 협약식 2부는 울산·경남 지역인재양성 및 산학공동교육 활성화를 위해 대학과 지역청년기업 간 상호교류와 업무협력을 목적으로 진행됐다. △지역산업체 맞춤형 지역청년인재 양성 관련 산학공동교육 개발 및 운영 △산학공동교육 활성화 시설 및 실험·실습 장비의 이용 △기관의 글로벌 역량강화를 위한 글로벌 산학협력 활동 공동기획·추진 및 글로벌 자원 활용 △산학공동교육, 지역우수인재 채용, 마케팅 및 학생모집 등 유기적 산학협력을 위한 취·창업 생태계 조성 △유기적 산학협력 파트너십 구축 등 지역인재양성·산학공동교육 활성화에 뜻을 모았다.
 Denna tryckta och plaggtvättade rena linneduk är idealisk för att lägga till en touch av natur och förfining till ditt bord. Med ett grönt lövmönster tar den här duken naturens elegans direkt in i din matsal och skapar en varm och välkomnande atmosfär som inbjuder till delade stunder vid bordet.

# # # # # # #

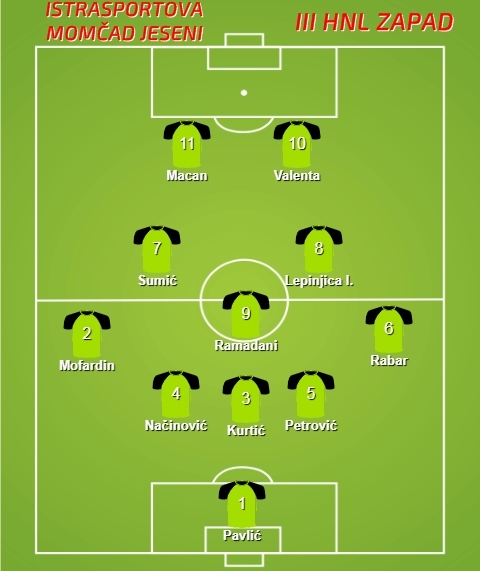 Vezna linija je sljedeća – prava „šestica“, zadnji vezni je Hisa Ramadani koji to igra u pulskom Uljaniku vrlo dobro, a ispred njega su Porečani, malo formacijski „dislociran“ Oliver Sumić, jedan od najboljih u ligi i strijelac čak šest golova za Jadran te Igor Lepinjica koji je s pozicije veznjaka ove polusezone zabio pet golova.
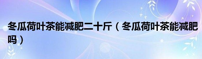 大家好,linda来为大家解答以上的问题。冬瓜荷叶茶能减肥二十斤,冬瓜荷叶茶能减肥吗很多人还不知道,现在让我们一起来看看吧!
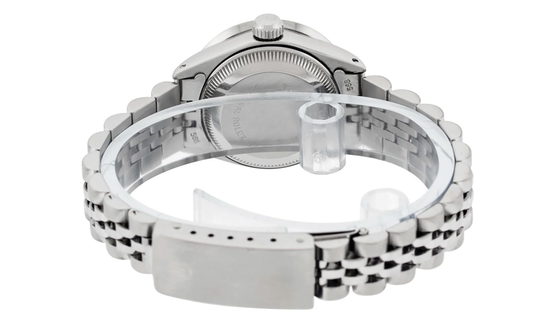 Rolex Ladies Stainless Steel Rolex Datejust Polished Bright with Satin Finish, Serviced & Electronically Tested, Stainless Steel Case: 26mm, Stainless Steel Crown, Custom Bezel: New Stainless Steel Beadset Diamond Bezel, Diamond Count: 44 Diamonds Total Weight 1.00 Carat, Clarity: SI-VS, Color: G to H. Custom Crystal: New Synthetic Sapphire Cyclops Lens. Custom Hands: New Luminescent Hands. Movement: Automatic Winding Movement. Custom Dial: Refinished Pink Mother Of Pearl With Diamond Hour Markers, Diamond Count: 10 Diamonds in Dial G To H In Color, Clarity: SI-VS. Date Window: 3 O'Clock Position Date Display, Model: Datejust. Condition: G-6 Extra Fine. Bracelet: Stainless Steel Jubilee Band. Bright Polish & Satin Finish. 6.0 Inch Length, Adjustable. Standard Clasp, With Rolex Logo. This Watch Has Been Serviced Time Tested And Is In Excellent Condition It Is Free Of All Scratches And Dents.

# # # # # # #

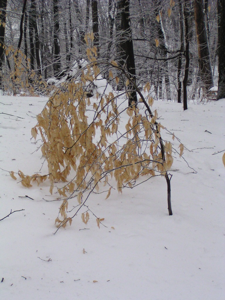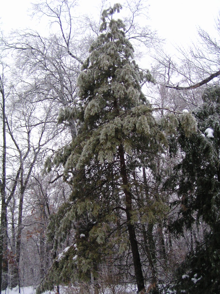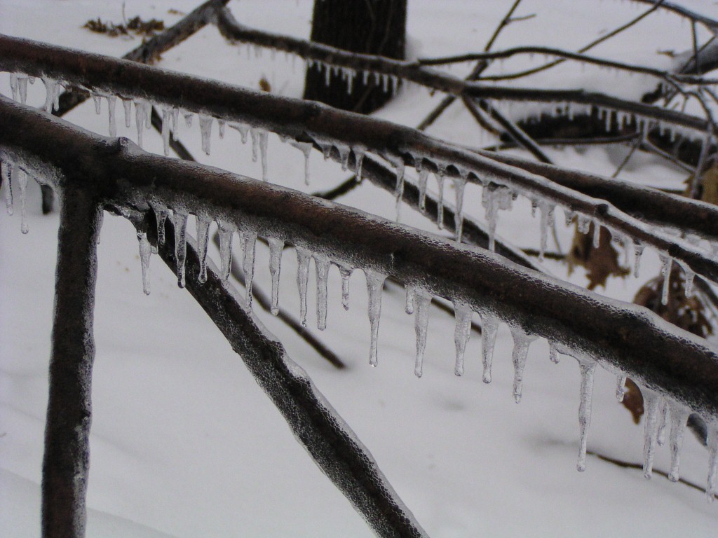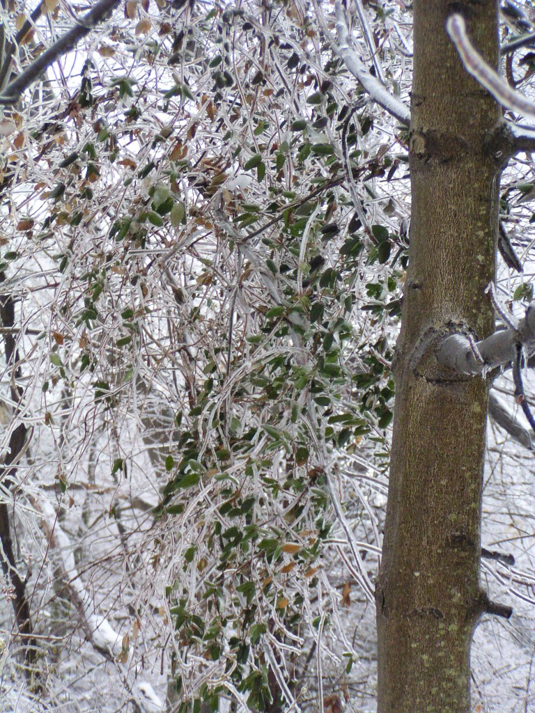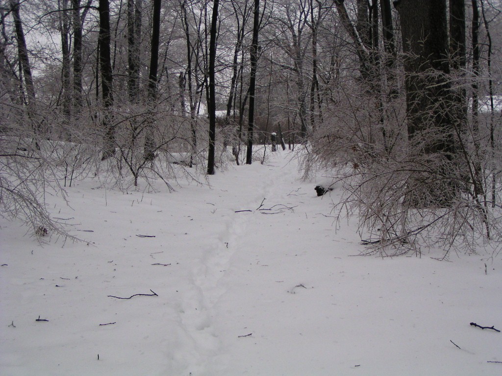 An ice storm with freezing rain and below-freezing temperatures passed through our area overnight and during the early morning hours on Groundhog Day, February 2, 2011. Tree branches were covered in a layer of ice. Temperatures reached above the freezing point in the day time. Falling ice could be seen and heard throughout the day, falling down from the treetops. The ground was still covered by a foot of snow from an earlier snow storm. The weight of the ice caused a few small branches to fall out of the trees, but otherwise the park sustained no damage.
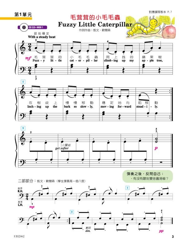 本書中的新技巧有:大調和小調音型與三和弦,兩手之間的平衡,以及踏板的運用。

# # # # # # #

#### Exercise goal
Please return only the lines above, starting at the line that has "협약식 2부는 울산·경남" and ending at the line that has "Denna tryckta och", keeping both and leaving each one unchanged.

#### Task result
 협약식 2부는 울산·경남 지역인재양성 및 산학공동교육 활성화를 위해 대학과 지역청년기업 간 상호교류와 업무협력을 목적으로 진행됐다. △지역산업체 맞춤형 지역청년인재 양성 관련 산학공동교육 개발 및 운영 △산학공동교육 활성화 시설 및 실험·실습 장비의 이용 △기관의 글로벌 역량강화를 위한 글로벌 산학협력 활동 공동기획·추진 및 글로벌 자원 활용 △산학공동교육, 지역우수인재 채용, 마케팅 및 학생모집 등 유기적 산학협력을 위한 취·창업 생태계 조성 △유기적 산학협력 파트너십 구축 등 지역인재양성·산학공동교육 활성화에 뜻을 모았다.
 Denna tryckta och plaggtvättade rena linneduk är idealisk för att lägga till en touch av natur och förfining till ditt bord. Med ett grönt lövmönster tar den här duken naturens elegans direkt in i din matsal och skapar en varm och välkomnande atmosfär som inbjuder till delade stunder vid bordet.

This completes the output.